Apparemment en ce moment la trend c’est de revenir sur 2016. Alors plutôt que de parler de moi, ça m’a plutôt donné envie de me remémorer mes lectures de l’époque (ce qui revient globalement à parler de moi, mais différemment).

Couverture de Un cantique pour Leibowitz

En science-fiction, c’est surtout l’année qui m’a vu découvrir le cycle de la Culture de Iain M. Banks et durant laquelle je me suis enfilé L’Homme des jeux, L’usage des armes et Une forme de guerre, signe clair que j’étais enthousiasmé par ma découverte de cet univers. Cette année-là j’ai aussi été marqué par Un cantique pour Leibowitz, un roman post-apo de Walter M. Miller sorti en 1960 dans lequel des moines tentent de sauvegarder ce qui reste de la connaissance humaine. Vivant à plein ma passion du moment pour l’exploration spatiale, j’ai lu le pavé Mars la Rouge, premier tome de La trilogie martienne de Kim Stanley Robinson - parue dans les années 1990 - qui nous fait suivre l’installation d’une colonie humaine sur Mars et la terraformation progressive de cette dernière, dans une optique plutôt “hard SF” et une grande attention donnée aux dynamiques sociales. Anecdote amusante : le début de la trilogie prend justement place en 2026. En plus léger, j’ai un souvenir pétillant de Au service surnaturel de sa majesté, de Daniel O’Malley, un roman d’urban fantasy dans une agence gouvernementale britannique secrète spécialisée dans le surnaturel.

Couverture de L'Ours est un écrivain comme les autres

2016 c’est aussi l’année de ma relecture de Moi qui n’ai pas connu les hommes, de Jacqueline Harpman, chef-d’œuvre féministe à tendance post-apo qui connaît depuis un regain d’intérêt aussi mérité qu’inattendu. À côté de ça, j’ai beaucoup ri grâce à L’Ours est un écrivain comme les autres, roman absurde de William Kotzwinkle dans lequel un ours s’approprie le travail d’un écrivain et rejoint le petit monde de la littérature et des médias. En parlant de littérature, Le Roi Pâle de David Foster Wallace m’a gentiment traumatisé avec ses notes de bas de page parfois longues de plusieurs pages.
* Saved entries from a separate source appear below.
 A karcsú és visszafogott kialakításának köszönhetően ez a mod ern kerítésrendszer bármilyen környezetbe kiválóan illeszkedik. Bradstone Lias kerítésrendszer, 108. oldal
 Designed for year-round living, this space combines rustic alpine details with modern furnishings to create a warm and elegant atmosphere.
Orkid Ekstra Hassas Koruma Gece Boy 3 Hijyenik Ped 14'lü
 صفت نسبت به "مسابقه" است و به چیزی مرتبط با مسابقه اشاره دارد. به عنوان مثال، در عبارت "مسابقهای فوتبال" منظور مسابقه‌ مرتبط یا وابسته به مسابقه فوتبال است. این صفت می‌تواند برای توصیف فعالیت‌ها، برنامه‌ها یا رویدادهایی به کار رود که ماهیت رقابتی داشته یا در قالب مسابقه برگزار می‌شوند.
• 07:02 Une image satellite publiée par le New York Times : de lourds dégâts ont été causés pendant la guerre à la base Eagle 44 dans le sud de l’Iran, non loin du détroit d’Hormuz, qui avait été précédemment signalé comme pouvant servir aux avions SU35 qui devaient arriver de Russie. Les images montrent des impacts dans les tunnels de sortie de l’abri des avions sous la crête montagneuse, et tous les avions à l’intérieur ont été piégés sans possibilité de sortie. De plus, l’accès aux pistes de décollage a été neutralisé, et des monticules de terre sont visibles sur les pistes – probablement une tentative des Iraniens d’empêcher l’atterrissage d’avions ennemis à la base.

Quant à Putain de Mort, de Michael Herr, le récit d’un journaliste sur le terrain aux côtés des soldats pendant la guerre du Vietnam, il reste un texte difficile à oublier. Pour rester aux US, j’ai aussi lu Fear and Loathing on the campaign trail ‘72 de Hunter S. Thompson, récit très “personnel” et chaotique de la campagne électorale américaine de 1972 (qui a vu la réélection de Nixon contre le démocrate McGovern), avant que le résultat de celle de 2016 ne me dégoûte du sujet pour pas mal de temps.
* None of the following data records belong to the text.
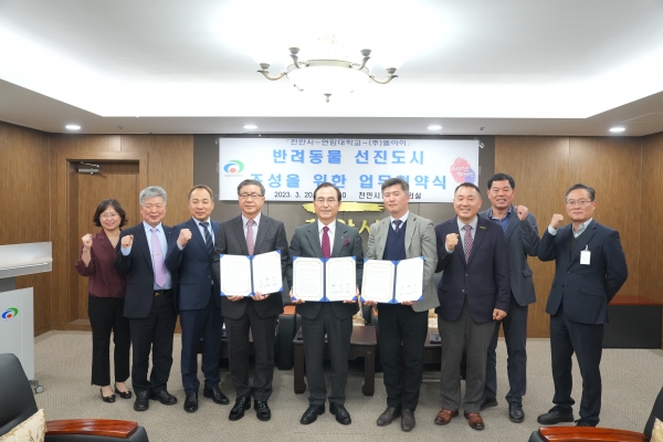 [세종타임즈] 천안시는 연암대학교, ㈜엘아이와 지난 20일 시청 소회의실에서 반려동물 선진도시 조성을 위한 업무협약을 체결했다고 밝혔다.
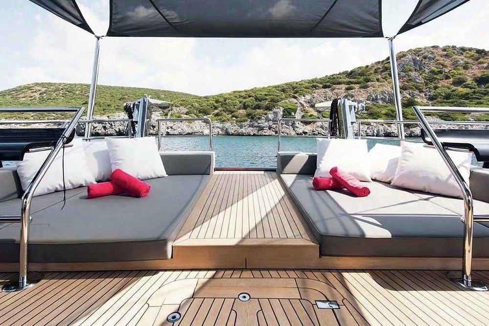Charterers like to come with me to the cockpit when we are sailing, so they can join in on the action. When the sails come down, guests like to sunbathe on the sunpads, or sit in the outdoor dining area under the shade canopy.
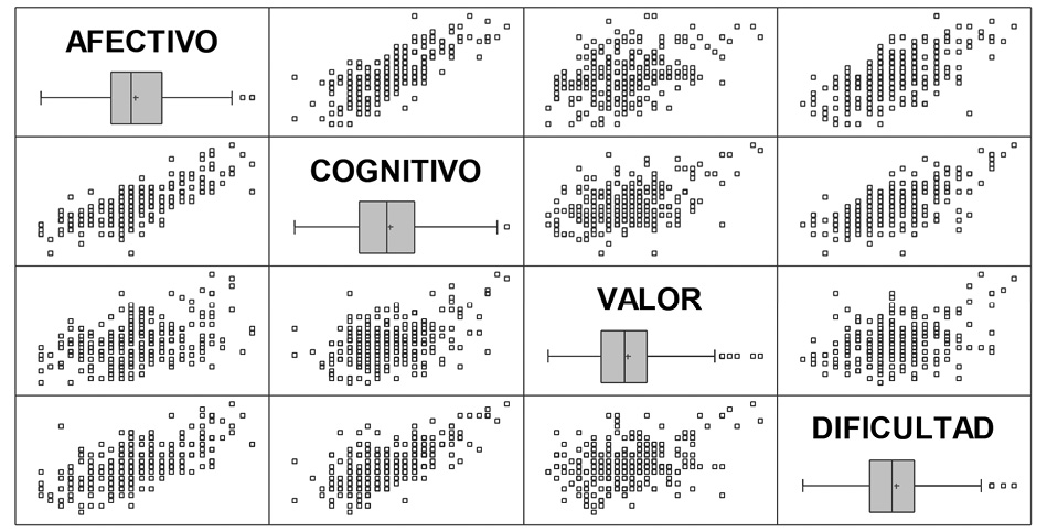 También, se destaca lo afectivo en relación con la dificultad en el aprendizaje de la estadística con un coeficiente de correlación de 0,62. Así como, lo cognitivo se relación con la dificultad en el aprendizaje de la estadística con una correlación de 0,69. Estas relaciones configuran que lo afectivo y cognitivo tratan de contribuir al grado de dificultad que representa aprender estadística en los estudiantes para profesor que atenderá a poblaciones en contextos multiculturales. Algo importante a mencionar, es el valor que el estudiante le otorga al aprendizaje de la estadística, reflejándose en la correlación valor-cognitivo con 0,50. En definitiva, las correlaciones entre las diversas componentes son todas altamente significativas y de intensidad moderada o alta, coincidiendo con los estudios de Estrada (2002), que dicen que este tipo de relaciones constituyen aspectos diferenciados de las actitudes, y que cada uno de estos aspectos puede influir en los otros.

Couverture de Rien ne nous survivra

Certains livres de cette année-là ne sont plus pour moi qu’une couverture dont le contenu m’échappe pour l’essentiel, sans parler de ceux que j’ai interrompus en cours de route ou que je n’ai pas aimés (une pensée pour Terminus Radieux, d’Antoine Volodine, que j’ai terminé au prix d’un effort qui n’était franchement pas nécessaire). Un constat : si 2016 a été une année assez peu prolifique en nombre de lectures (un peu plus d’une trentaine) par rapport à mon rythme actuel, on y compte les femmes sur les doigts d’une seule main (quatre, et tant qu’on y est citons-les : Jacqueline Harpman, Titiou Lecoq, Maïa Mazaurette et Marie Peltier). C’était avant que j’encode tous mes livres lus dans un tableau Excel et que le déséquilibre flagrant me saute aux yeux. En gros, 2016 est une année que je n’inscrirai pas forcément au panthéon de mes souvenirs personnels, mais dont il est possible de tirer quelques trucs intéressants.